Tam da, eğitiminin yarım kalmasından duyduğu üzüntünün zirvede olduğu bir dönemde, 1945 yılı içerisinde radyodan dinlediği bir program ona umut kaynağı olur. Programda, ülkemizde görmeyenlerin de, ilkokuldan yüksek öğretime kadar her aşamada eğitim alabilecekleri anlatılmaktadır. Program sunucusu konuşmacının adını söyler. Konuşan Sayın Mithat ENÇ’tir.

Yazgan büyük bir sevinç ve heyecanla, hemen Mithat Enç Beye bir mektup yazarak, eğitime nasıl devam edeceği konusunda gerekli bilgileri  ister. Enç, Yazgan’a gerekli bilgilerin ayrıntılarıyla yer aldığı bir cevap yollar.

Bunun üzerine Yazgan, o zamanlar uygulamada olan dışarıdan bitirme yoluyla 1946başında  ilk okulu, 1947 yılının haziranında  ortaokulu ve 1948 yılı haziranında  da lise ve olgunluk sınavlarını pekiyi dereceyle tamamlayarak, aynı yıl Ankara Üniversitesi Hukuk Fakültesi'ne kaydını yaptırır.

Gültekin Yazgan, 2001 yılında iletişim yayınları tarafından yayınlanan, "Kör Uçuş" adlı, hayat hikayesini konu alan kitabında, böyle başdöndürücü bir başarı silsilesinin önemli bir sırrını Sayın ENÇ’in verdiği şu öğüte bağlıyor: “Karşılaşabileceğin güçlüklerin hepsini birden, daha işin başındayken düşünmeye kalkışma! Sırası geldikçe her biriyle teker teker uğraşarak başa çıkarsın!”

Bu öğüt hayatının en zorlu dönemlerinde ona hep yol gösterecek, Gültekin Yazgan, 1948 yılında girdiği Ankara Üniversitesi Hukuk Fakültesi’nden pekiyi dereceyle mezun olacaktır.

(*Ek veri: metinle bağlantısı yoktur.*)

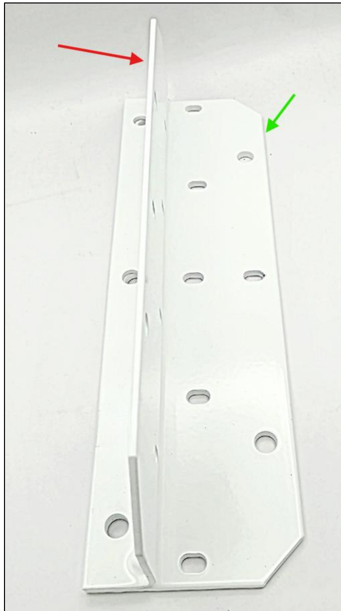
Wide, angle (red arrow) atop Wide, flat (green arrow)

Hayatının bundan sonraki döneminde, onun çok değer verdiği örgütlü mücadele önemli bir yer tutmuştur. Görmeyenlerin kalıcı problemlerinin sadece şahsi gayretlerle çözülemeyeceğinin bilincinde olan Yazgan, örgütlü mücadelenin önemini kavramış kör bir aydındır.